Cunobelinus (Common Brittonic: *Cunobelinos, "Dog-Strong"), sometimes anglicized Cunobeline or Cunobelin, was a king in pre-Roman Britain from about AD 9 to about AD 40. He is mentioned in passing by the classical historians Suetonius and Dio Cassius, and many coins bearing his inscription have been found. He controlled a substantial portion of southeastern Britain, including the territories of the Catuvellauni and the Trinovantes, and he was called "King of the Britons" (Britannorum rex) by Suetonius. Cunobelinus may have been a client king of Rome, based on the images and legends appearing on his coins. Cunobelinus appears in British legend as Cynfelyn (Welsh), Kymbelinus (medieval Latin) or Cymbeline, as in the play by William Shakespeare.

==Etymology==
His name is a compound composed of the Common Brittonic *cuno- "dog" and *belino- "strong", meaning "strong as a dog" or "strong dog".

==History==
From numismatic evidence, Cunobelinus appears to have taken power around AD 9 after the death of his father Tasciovanus, minting coins from both Camulodunum (Colchester, capital of the Trinovantes) and Verlamion (later the Roman town of Verulamium, now modern St Albans), capital of the Catuvellauni. Some Verulamium coins call him the son of Tasciovanus, a previous king of the Catuvellauni. Some of Tasciovanus' coins bear the title rigonos, a derivative of the Brittonic root *rīgo- meaning "king". Unlike his father's, Cunobelinus' coins name no co-rulers. His earliest issues are, however, from Camulodunum, indicating that he took power there first, and some have a palm or laurel wreath design, a motif borrowed from the Romans indicating a military victory. It is possible that, following the Roman defeat in the Battle of the Teutoburg Forest in Germania in AD 9, he was emboldened to act against the Trinovantes. The Trinovantes were a Roman ally whose independence was protected by a treaty with Julius Caesar in 54 BC. Still, problems in Germania severely discouraged Augustus's territorial ambitions and ability to defend allies in Britain.
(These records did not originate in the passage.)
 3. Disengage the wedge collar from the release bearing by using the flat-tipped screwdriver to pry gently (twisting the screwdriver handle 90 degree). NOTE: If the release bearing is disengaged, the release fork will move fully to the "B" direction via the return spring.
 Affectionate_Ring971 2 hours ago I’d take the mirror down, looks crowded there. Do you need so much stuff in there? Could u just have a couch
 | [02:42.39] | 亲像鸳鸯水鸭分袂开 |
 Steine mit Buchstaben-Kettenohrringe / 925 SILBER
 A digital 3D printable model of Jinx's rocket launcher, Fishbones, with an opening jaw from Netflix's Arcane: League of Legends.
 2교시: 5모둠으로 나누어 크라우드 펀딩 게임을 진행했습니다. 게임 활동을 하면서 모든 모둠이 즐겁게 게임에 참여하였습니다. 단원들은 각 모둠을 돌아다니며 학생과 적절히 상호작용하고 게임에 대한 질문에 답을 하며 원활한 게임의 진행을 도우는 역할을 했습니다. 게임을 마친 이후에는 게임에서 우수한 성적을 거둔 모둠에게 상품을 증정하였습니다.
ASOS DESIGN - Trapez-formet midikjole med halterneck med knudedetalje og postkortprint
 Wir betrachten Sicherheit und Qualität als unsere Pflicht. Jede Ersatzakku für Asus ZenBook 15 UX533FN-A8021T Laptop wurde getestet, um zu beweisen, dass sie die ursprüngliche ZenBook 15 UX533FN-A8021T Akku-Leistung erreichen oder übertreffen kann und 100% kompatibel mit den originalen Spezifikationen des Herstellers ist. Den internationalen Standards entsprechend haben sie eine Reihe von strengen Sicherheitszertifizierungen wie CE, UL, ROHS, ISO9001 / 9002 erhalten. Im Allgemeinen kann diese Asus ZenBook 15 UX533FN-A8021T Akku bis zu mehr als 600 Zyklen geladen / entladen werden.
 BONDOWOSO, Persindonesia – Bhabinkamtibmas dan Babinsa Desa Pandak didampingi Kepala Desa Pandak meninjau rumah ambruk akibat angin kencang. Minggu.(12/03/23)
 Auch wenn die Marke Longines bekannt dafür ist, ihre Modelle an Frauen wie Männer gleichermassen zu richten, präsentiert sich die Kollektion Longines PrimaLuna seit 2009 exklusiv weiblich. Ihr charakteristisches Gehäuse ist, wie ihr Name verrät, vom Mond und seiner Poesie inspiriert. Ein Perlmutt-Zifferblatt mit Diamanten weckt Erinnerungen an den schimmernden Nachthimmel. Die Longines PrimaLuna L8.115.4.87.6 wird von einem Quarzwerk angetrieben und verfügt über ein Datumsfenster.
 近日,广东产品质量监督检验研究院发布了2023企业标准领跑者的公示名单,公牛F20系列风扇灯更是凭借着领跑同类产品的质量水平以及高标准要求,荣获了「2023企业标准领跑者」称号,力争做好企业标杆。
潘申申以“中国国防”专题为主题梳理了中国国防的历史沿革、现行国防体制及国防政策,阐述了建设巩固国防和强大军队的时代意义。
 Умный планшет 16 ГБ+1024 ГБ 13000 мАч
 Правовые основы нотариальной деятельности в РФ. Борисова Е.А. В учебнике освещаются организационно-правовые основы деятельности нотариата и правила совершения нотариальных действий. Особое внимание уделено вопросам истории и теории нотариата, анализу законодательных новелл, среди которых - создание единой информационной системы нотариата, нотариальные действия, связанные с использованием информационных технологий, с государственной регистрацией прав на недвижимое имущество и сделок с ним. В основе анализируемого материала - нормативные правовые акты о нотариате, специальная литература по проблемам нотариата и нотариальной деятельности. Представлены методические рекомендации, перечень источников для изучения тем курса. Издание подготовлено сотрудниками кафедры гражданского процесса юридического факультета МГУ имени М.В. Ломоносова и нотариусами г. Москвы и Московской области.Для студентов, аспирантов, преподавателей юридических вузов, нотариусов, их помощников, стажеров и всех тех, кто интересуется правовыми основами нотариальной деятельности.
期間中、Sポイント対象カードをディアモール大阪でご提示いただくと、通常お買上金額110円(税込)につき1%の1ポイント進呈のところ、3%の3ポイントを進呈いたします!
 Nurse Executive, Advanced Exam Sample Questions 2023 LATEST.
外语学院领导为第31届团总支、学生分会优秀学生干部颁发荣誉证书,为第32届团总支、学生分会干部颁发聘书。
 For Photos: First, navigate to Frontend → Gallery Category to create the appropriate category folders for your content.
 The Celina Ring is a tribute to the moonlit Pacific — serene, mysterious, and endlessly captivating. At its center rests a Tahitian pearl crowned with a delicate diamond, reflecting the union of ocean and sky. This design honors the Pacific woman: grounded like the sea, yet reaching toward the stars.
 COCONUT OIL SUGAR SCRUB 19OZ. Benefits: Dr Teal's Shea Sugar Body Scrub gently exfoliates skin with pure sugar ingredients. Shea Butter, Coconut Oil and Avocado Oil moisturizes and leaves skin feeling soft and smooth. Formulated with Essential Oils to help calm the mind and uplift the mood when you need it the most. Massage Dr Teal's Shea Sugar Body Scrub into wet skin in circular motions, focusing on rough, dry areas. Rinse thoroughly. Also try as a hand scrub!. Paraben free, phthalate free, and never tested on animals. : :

Cunobelinus appears to have maintained quite good relations with the Roman Empire. He used the title Rex (Latin 'king') and classical motifs on his coins, and his reign saw increased trade with the continent. Archaeology shows an increase in luxury goods imported from the continent, including Italian wine and drinking vessels, olive oil, and fish sauces from Hispania, glassware, jewellery, and Gallo-Belgic tableware, which from their distribution appear to have entered Britain via the port of Camulodunum. According to Strabo, he was probably one of the British kings who sent embassies to Augustus. Strabo reports Rome's lucrative trade with Britain: the island's exports included grain, gold, silver, iron, hides, slaves, and hunting dogs.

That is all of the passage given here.